ACTION ITEM: Only the lines from the one with "Label TextWooden spools" through the last line of the material below belong in the answer, copied exactly and without pictures.

SOURCE MATERIAL:
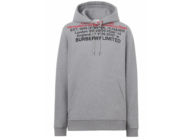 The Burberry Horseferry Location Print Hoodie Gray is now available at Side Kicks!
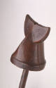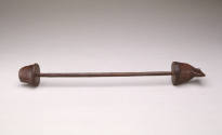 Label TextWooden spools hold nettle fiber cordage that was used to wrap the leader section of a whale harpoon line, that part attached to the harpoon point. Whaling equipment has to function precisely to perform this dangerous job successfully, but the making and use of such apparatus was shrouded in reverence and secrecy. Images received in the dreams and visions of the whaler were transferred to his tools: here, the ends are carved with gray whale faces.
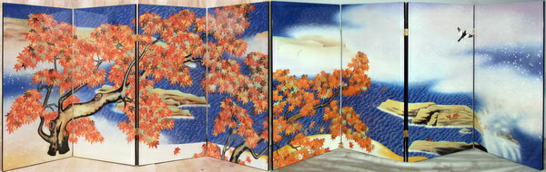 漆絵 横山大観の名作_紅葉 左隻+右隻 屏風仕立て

PROBLEM SOLUTION:
 Label TextWooden spools hold nettle fiber cordage that was used to wrap the leader section of a whale harpoon line, that part attached to the harpoon point. Whaling equipment has to function precisely to perform this dangerous job successfully, but the making and use of such apparatus was shrouded in reverence and secrecy. Images received in the dreams and visions of the whaler were transferred to his tools: here, the ends are carved with gray whale faces.
 漆絵 横山大観の名作_紅葉 左隻+右隻 屏風仕立て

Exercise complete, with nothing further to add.